In response, DailyMail.com managing editor Rhiannon Macdonald in New York slammed King’s claims, calling him an “unreliable” freelancer who “had to be repeatedly reminded about the need for proper attribution in his work,” the Guardian‘s Roy Greenslade reported.
Gawker updated King’s report with the Mail’s denials.
“We utterly refute James King’s claim that DailyMail.com depends on ‘dishonesty, theft of copyright material’, and the publication of material we ‘know to be inaccurate,'” the Mail said, adding that the Washington Post “rejected” King’s similar pitch on a story about working for the Mail last year because of “inaccuracies and his unreliability.” iMediaEthics asked the Post for confirmation, but the Post responded, “I’m sorry, we can’t help you with this.”
The Mail also rebutted King’s specific claims about errors, including claims the Mail intentionally published the wrong photo of a woman who died of cancer, that the Mail tried to “make light of its error” in reporting on George Clooney and his then-fiance Amal Alamuddin, and that the Mail labeled a photo of a woman who isn’t an HIV-positive porn star as a woman who is a HIV-positive porn star.
The Mail also denied that it didn’t want staff linking to competitor the New York Daily News and wanted attribution buried.
That isn’t to say the Mail gets off scot-free.
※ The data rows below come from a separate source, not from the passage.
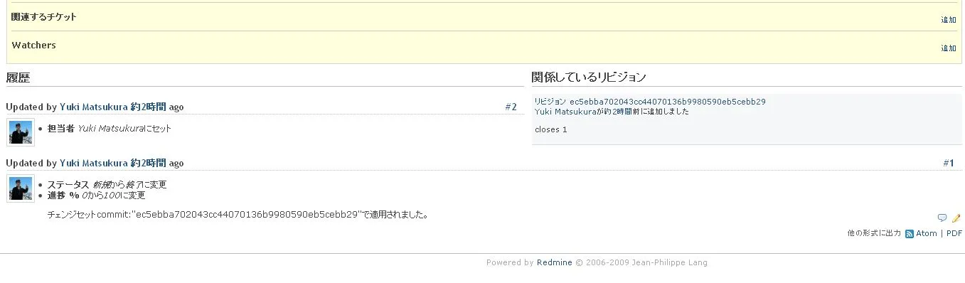 ■2 自動的にタスクを終了にする このプロジェクトでは、redmineが共有レポジトリのmasterを監視しています。 共有レポジトリのマスタに反映された時点でタスクが終了に設定されます。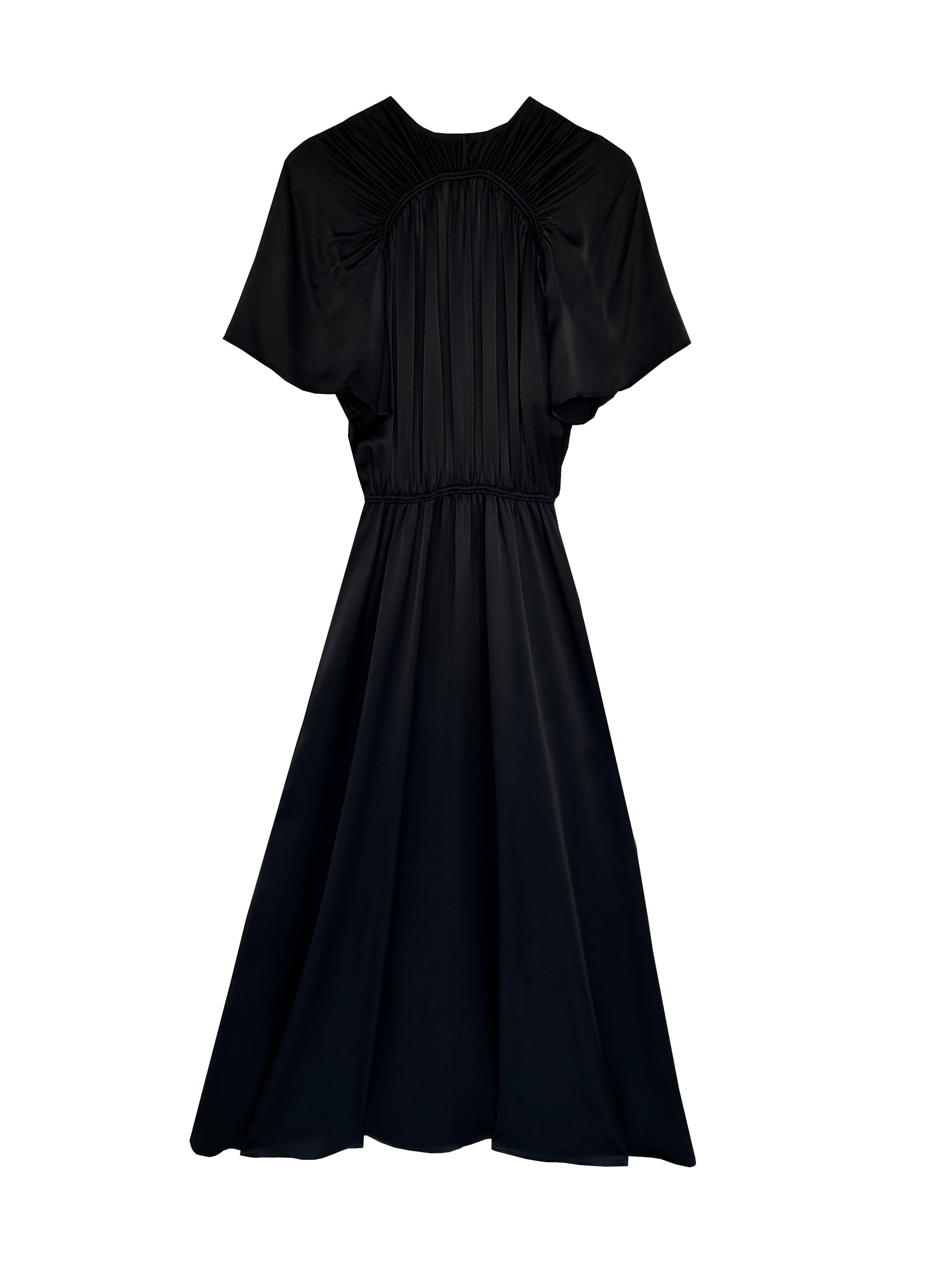This black dress offers an elegant look with its V-neck design and drawstring waist. Its slit design completes your look while allowing for freedom of movement. The soft and lightweight viscose fabric offers comfort and breathability, ensuring all-day comfort. It's the ideal choice for both special occasions and everyday wear, adding a touch of distinction.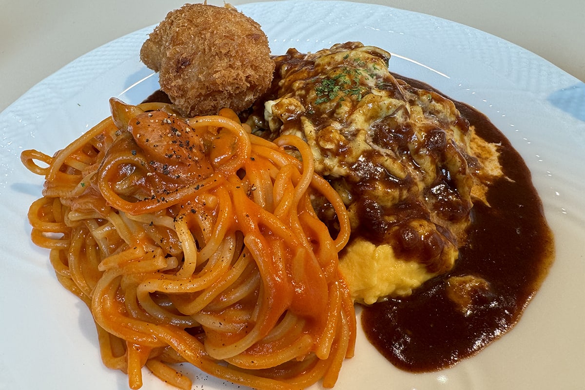 ふわとろたまごのオムライス ナポリタンのハーフ&ハーフ(1,380円)

For example, with the porn star photo, the Mail admitted it used a stock image of a porn star with the story on the HIV-positive porn star and the woman sued so the Mail deleted the picture. The Mail also fessed up to publishing a false story about Taylor Swift that it later unpublished because her PR reps complained about its inaccuracy.
King then responded to the Mail’s response, which he said “range[d] from the factually untrue to the obviously disingenuous to the simply irrelevant.”
Ultimately, this battle is unresolved with both King and the Mail standing by their sides of the story.